Saturday, November 15 2025

November 15, 2025 - 2:00pm - 5:00pm

Free to the public
2-5 pm (Gallery Talk Begins at 3 pm)

Join artist Faythe Levine for a gallery talk introducing her exhibition, Time Is Running Out, followed by a conversation with artist and curator Seth Ter Haar. For the past several years, Levine and Ter Haar have been pursuing their own lines of research on Charlotte Partridge and Miriam Frink, partners, educators, and co-founders of the Layton School of Art. As artists and curators, Levine and Ter Haar approach the act of remembering as a form of queer world-building; they also extend their historical research beyond the page and into the gallery and the studio. Their conversation will move between the exhibition, shared research subjects, methodology, and the broader implications of their work. Together, they will explore how curatorial practice, archival research, and community work coalesce to unearth and re-present overlooked histories.

About Faythe Levine
Faythe Levine has been in service to the arts for over twenty years, advocating for creative output to build connections between community, personal independence, and empowerment. She is currently the Hauser & Wirth Institute Archivist for Women's Studio Workshop in Rosendale, NY, where she manages, oversees, and increases public visibility of the archives and special collections. Her position focuses on WSW’s work as an important hub for radical thought for the past 50 years, modeling economic viability for print and book culture.

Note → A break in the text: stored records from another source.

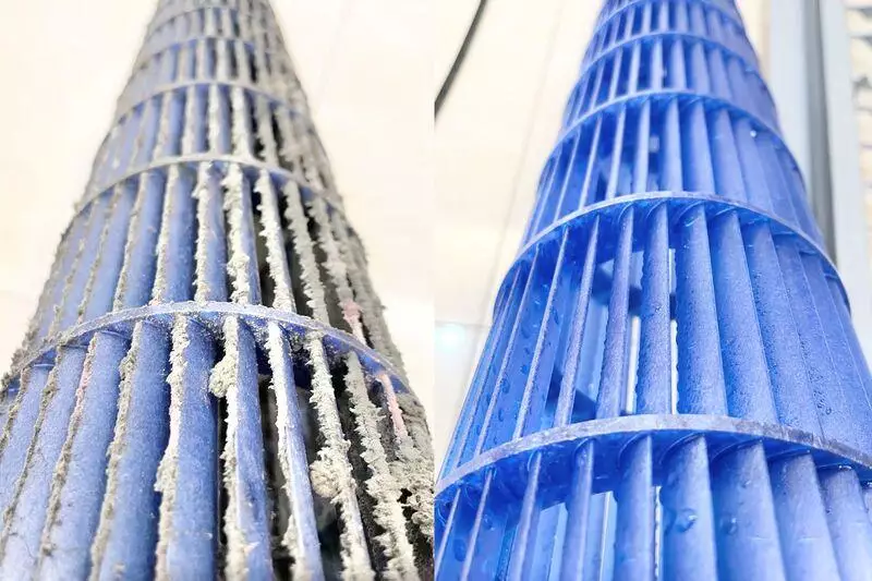 但風鼓若只掛在機子上清洗,因為清洗角度會受限制,無法徹底洗淨風鼓葉片內側及凹槽的髒汙,因此風鼓要拆下清洗才能確保沒有髒污殘留!
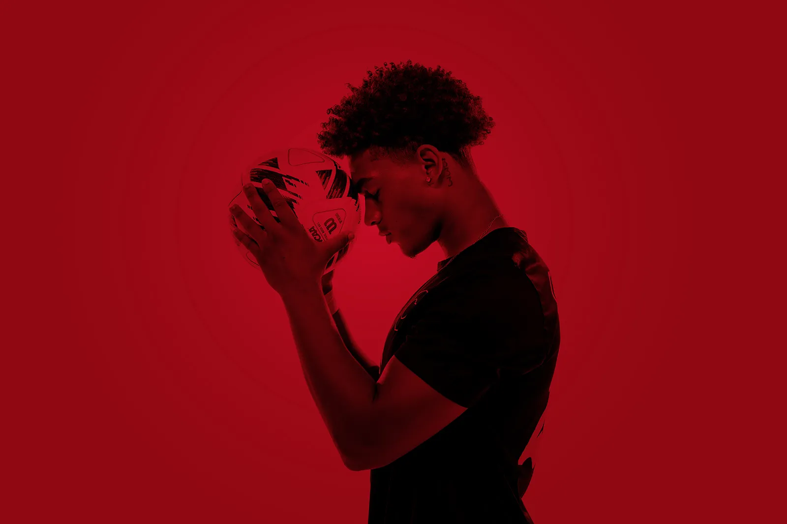 Wildcat’s #20 Skeebo Henry holds a soccer ball to his forehead to pose for Men's Soccer (MSOC) media day on Friday, August 22, 2025.
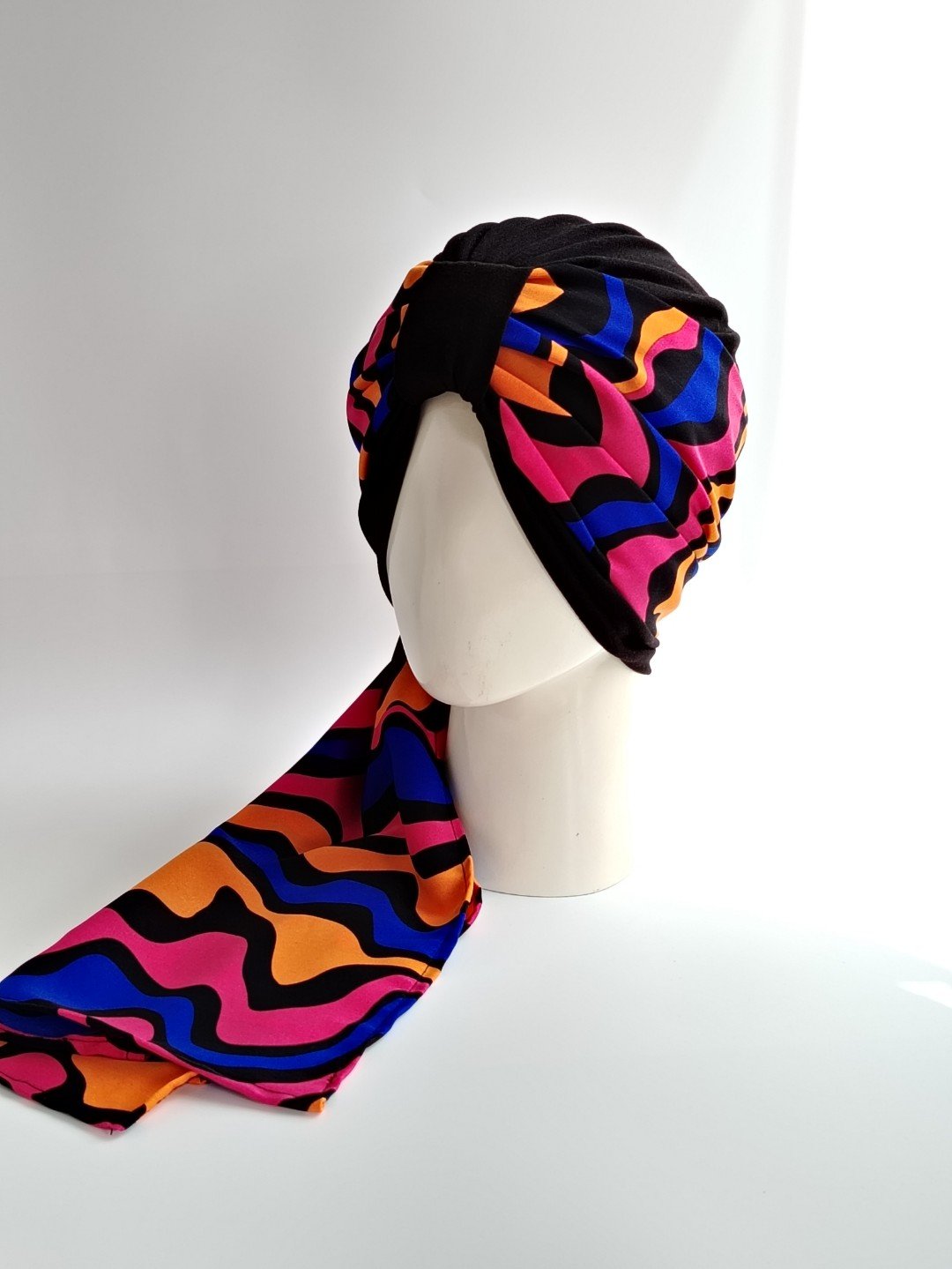 Gorro con pañoleta – Negro y pañoleta multicolor.
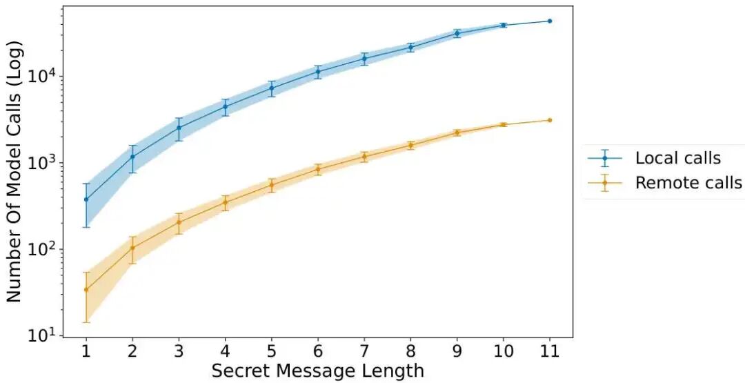 研究者还分析了泄露用户秘密消息所需的模型调用次数。大多数调用是在本地模型上执行的,只有少量远程调用是针对目标模型的。研究者发现,攻击平均需要对目标模型进行最多100次查询,以提取每个标记。图7展示了这一趋势,表明查询复杂度与O(V M²)成正比,其中V为词汇大小,M为输入序列的长度。
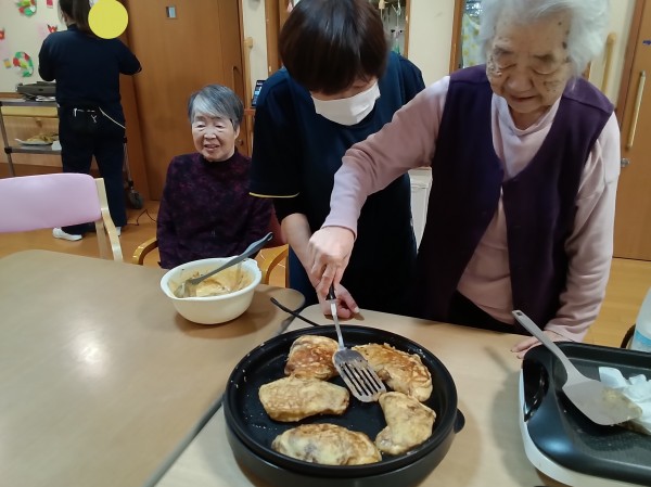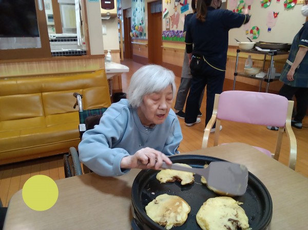 ホットプレートを囲み、数名のご利用者様に「ひっくり返し」をお願いしたところ、「任せて!」とお見事な手つき♪
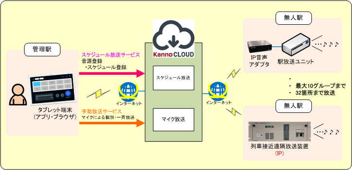 本サービスは、当社が長年培ってきた旅客案内放送システムの技術+クラウドサービスを組み合わせた次世代放送サービスです。

Levine has worked extensively as a freelance artist and curator in traditional and DIY spaces. From 2017 to 2021, she served as director of the Arts/Industry program at the John Michael Kohler Arts Center, where she was responsible for developing and administering the residency hosted by Kohler Co., as well as curating related exhibitions and projects. She is also currently the facilitator for a three-year pilot for the Ruth Arts Mary L. Nohl Alumni Award.

Her personal practice revolves around deep research, storytelling, and reimagining archives and collections through a queer feminist lens. Prior work includes Sign Painters (2013) and Handmade Nation: The Rise of DIY Art, Craft, and Design (2009), feature-length documentaries that toured extensively. Each was accompanied by a book published by Princeton Architectural Press.

Her most recent book, As Ever, Miriam (2024), explores the fifty-year intertwined professional and personal lives of Charlotte Partridge and Miriam Frink. It will be available for purchase at Lynden during the exhibition.
www.faythelevine.com

About Seth Ter Haar
Seth Ter Haar is a Milwaukee-based curator, artist, and Fellow with Docomomo US/Wisconsin, a nonprofit dedicated to celebrating, conserving, and advocating for mid-century modern architecture within the state. His work bridges scholarship, curation, and community practice to illuminate overlooked histories and bring them into dialogue with contemporary life.

While studying at the Milwaukee Institute of Art & Design (MIAD), Seth became the first student to curate a major exhibition at the school with Predecessor: Works for the Layton School of Art, drawn from MIAD’s collections. That project laid the foundation for his continuing research with Docomomo Wisconsin on the Layton School, its Bauhaus-inspired campus, and its pioneering queer founders, Charlotte Partridge and Miriam Frink. Building on this work, Seth later developed Mothers of Milwaukee Modernism, a lecture and upcoming essay that received a Docomomo US 2025 Modernism in America Award. Both projects explore how Partridge and Frink brought Bauhaus ideas to Milwaukee and shaped Wisconsin’s art and architectural scene as we know it today.

Beyond his research on the Layton School of Art, Seth also leads contemporary LGBTQ+ community projects that connect history to lived experience. In 2025, he curated Lavender and Green Carnation at the Jazz Gallery Center for the Arts, an exhibition that explored queer symbols and cruising codes in the charged political climate of the Trump era. He also runs Frederick Avenue Gallery, lovingly nicknamed FAG, a DIY art space in Milwaukee dedicated to sparking joy, fostering dialogue, and providing a vital third space for the city’s LGBTQ+ community. Recent projects have included a community pageant supported by the Open Fund and presented in collaboration with Blue Dress Park’s Weather Permitting, continuing Seth’s commitment to blending scholarship, art, and public life in ways that affirm queer identity and build collective pride.